In short, the results above was worst off than the previous results.

I think that the this issue came from the lack of data. If I had more examples of people using “can meh” or “can lah”, the phrase model would have picked up these bigrams without having me set a low threshold. 0.5 threshold is really low in my opinion.
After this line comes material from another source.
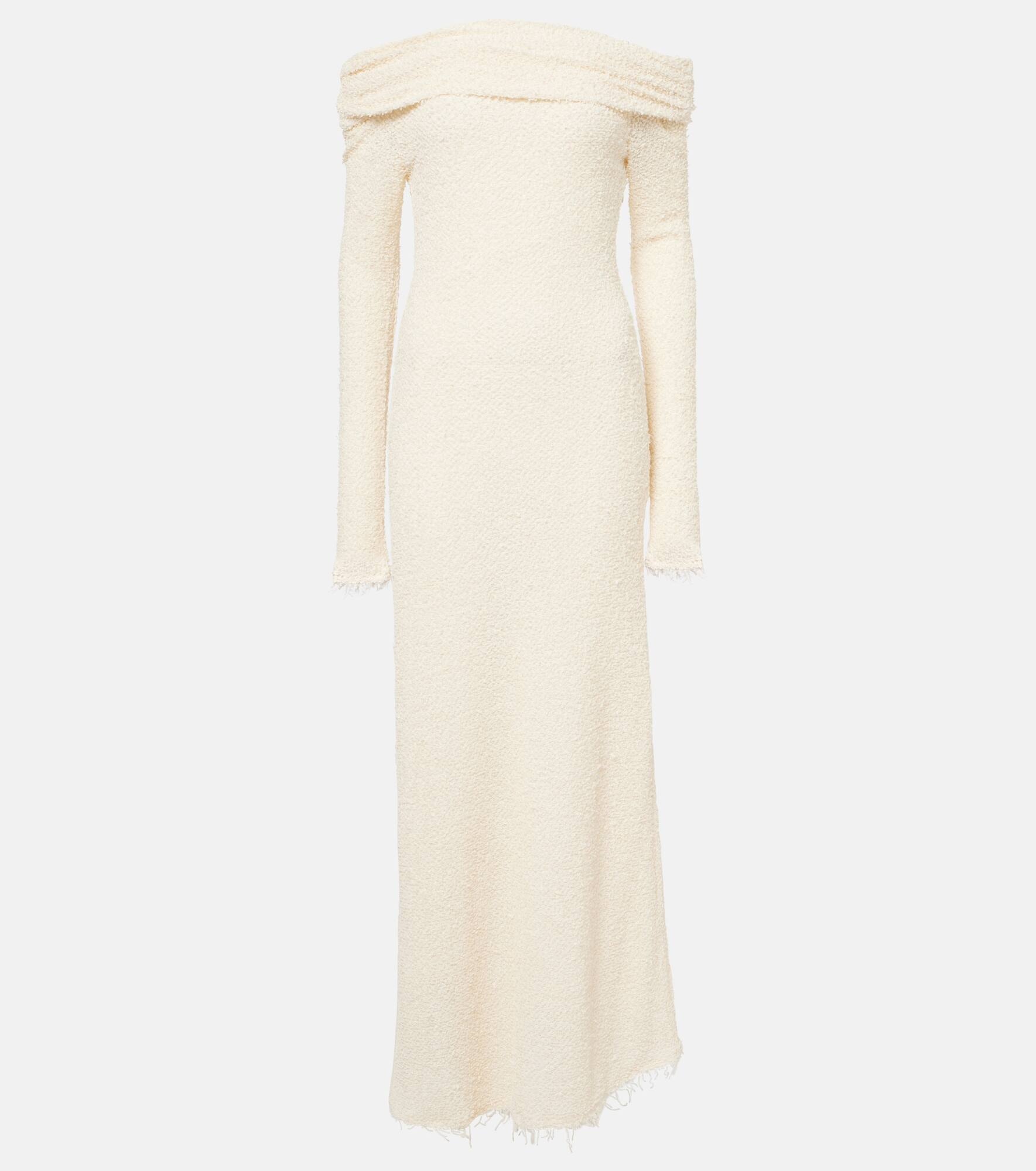Ormany frayed off-the-shoulder bouclé maxi dress Ecru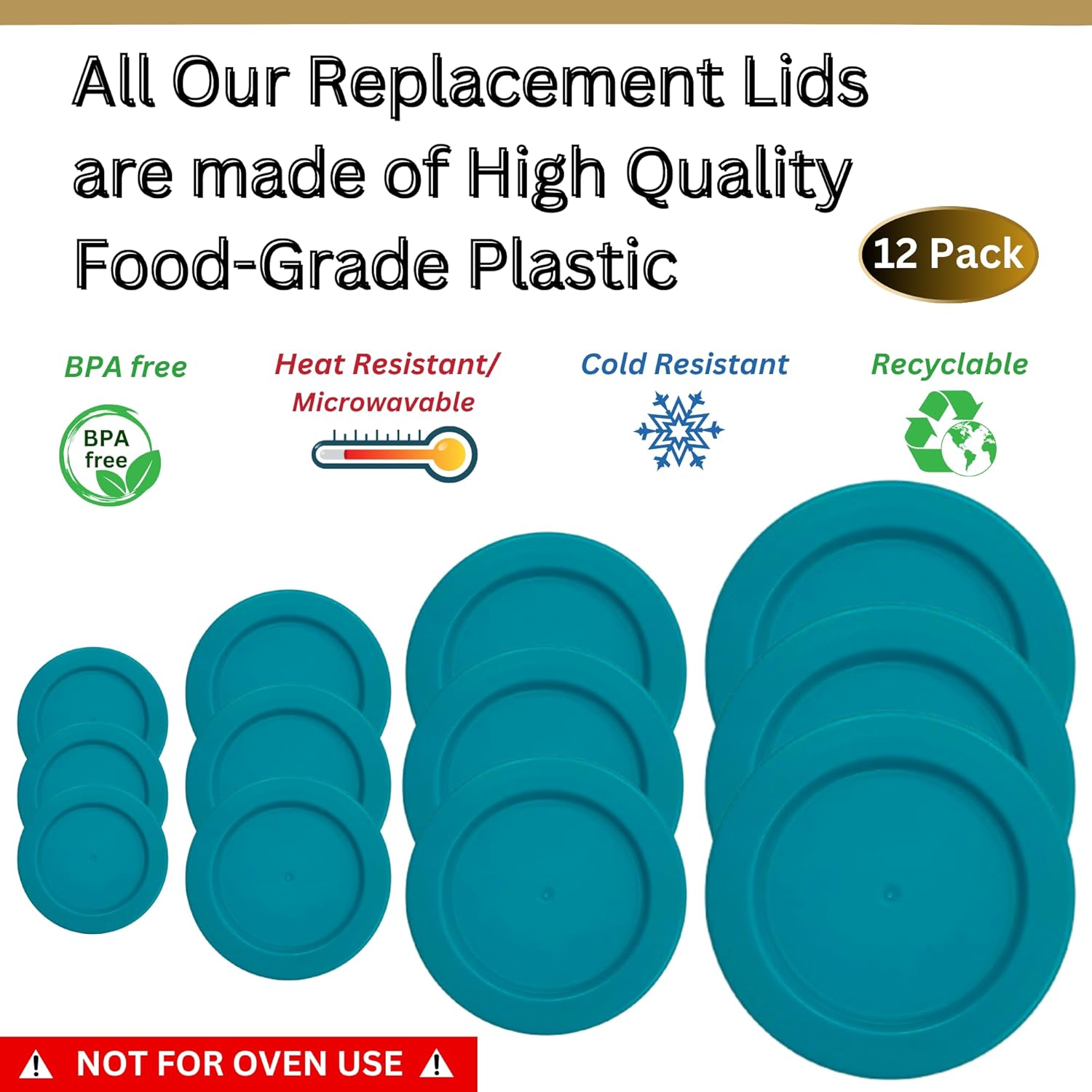1, 2, 4 & 7 Cup Turquoise Replacement Lids/Covers for Pyrex, Anchor Hocking & KlareWare Storage Bowls *Lids Only Glass Container Not Included* (12 Pack *Three of Each Size*)

I caught too many false positives.

Rubbish in, rubbish out right? This was exactly what happened here.

Future Works

As you can imagine, I still have ways to go in tuning my model to get decent Singlish word embeddings for my future works.

What I would do differently is this:

  1. Recode my scripts to run distributed. Or better yet, code to run in a GPU. This will allow me to run on a much larger corpus i.e. the whole of Hardware Zone and not just one thread of it.
  2. Train a better phrase model. i.e. the PMI portion.

For now, I will keep the word embeddings for the first model.